Adobe Creative Cloud Becomes More Expensive in UK Due to “Currency Fluctuations”
Adobe is raising the price of its Creative Cloud services across the board in the UK, noting currency fluctuations as the reason behind the alterations.
In an email sent out to customers today, Adobe said: “As part of doing business globally, Adobe monitors currency exchange rates in order to make adjustments to our pricing up or down as needed. You may be aware that currency exchange rates have fluctuated significantly over the last few years. As a result of recent changes in exchange rates in your region, the price of Adobe products and services is increasing starting on 6 March 2017.”
The Adobe Creative Cloud includes Adobe software such as Photoshop and Premiere Pro, with the price increases varying from product to product. Adobe notes that those who have already subscribed to the Creative Cloud won’t have their fees altered, but they will be changed when their subscription ends. The increases range roughly from 15% to 25%, though many users signed up to the service on special deals, meaning that some subscriptions have risen by as much as 50%.
Adobe is the latest in a long line of tech companies to increase its prices following the decline in the value of the pound, which occurred following the UK’s decision to leave the European Union, with the likes of Apple, Microsoft and Tesla having all made changes to the price tags of their hardware and software.

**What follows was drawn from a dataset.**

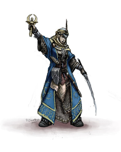 It is odd that a drawing this is not properly appreciated. The woman is warmly dressed, with gear appropriateΒ for travelling or adventuring, whereas most female adventurers seem to be headed for a bikini contest. She hasΒ a quiver of scrolls, a purse for coin, a satchel for assorted stuff, and has a no-doubt dungeon-relevant key in hand. Her overtunic marks her guild or academy and she seems to be wearing sensible shoes.
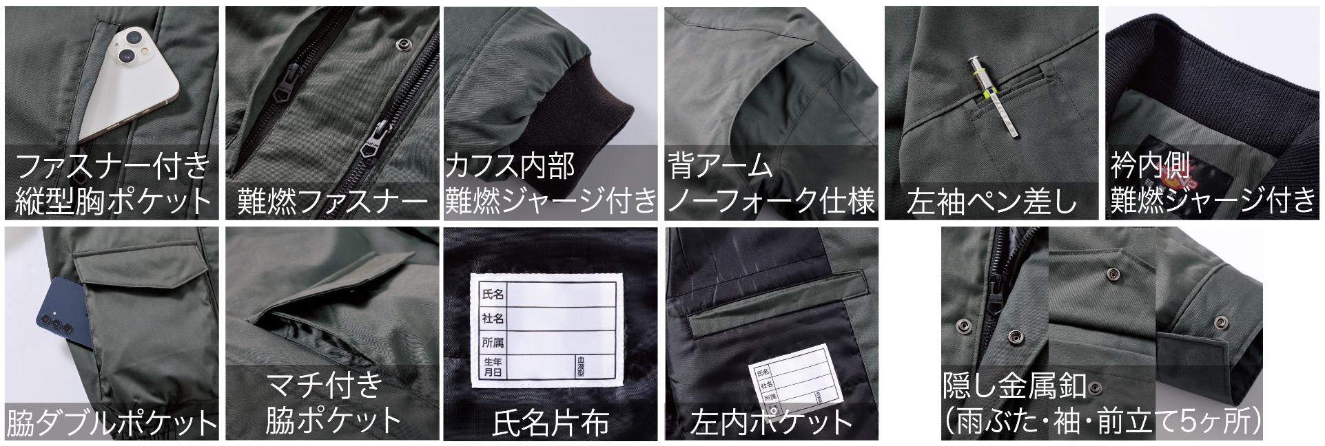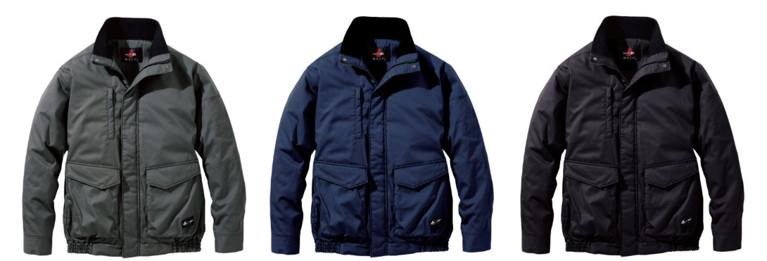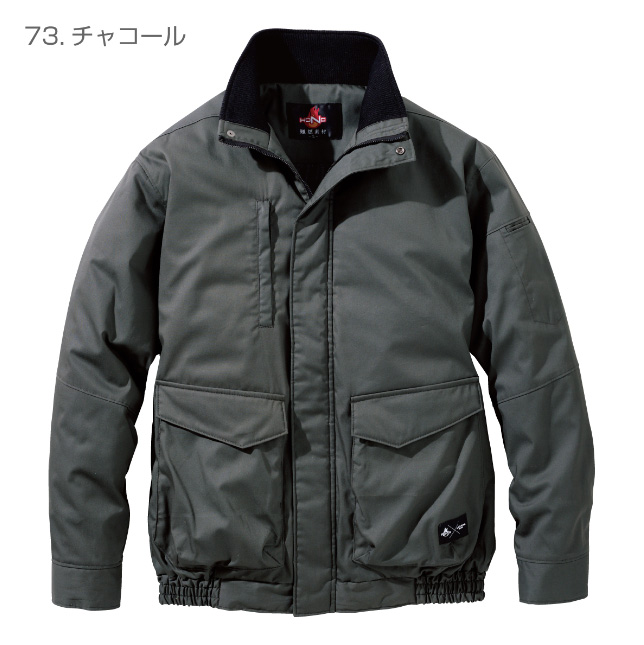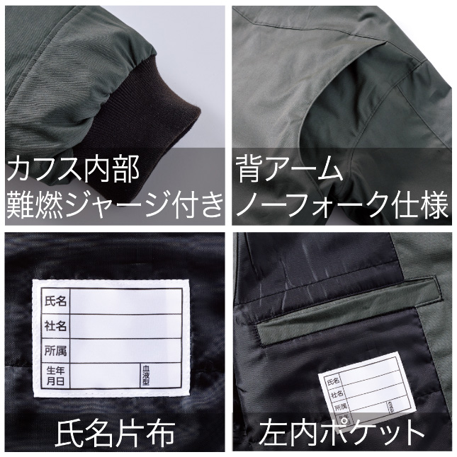 【仕様】ファスナー付き縦型胸ポケット、脇ダブルポケット、マチ付き脇ポケット、難燃ファスナー、左袖ペン差し、衿内側難燃ジャージ付き、隠し金属釦(雨ぶた・袖・前立て5ヶ所)、カフス内部難燃ジャージ付き、背アームノーフォーク仕様、左内ポケット、氏名片布、保温裏アルミ(ブラック)

The value of the pound sharply declined following the EU referendum result, with it falling to a 31-year low in October 2016. With MPs overwhelmingly backing Article 50, the bill that will trigger Brexit, in a vote revealed yesterday, it’s predicted that it could experience greater decline in the near future.
The tech world warned against the effects of Brexit prior to the referendum, explaining how currency fluctuation and the restrictions on free movement for workers between the UK and EU would present problems for the industry. It’s expected that more tech companies will announce price increases as the effects of Brexit continue.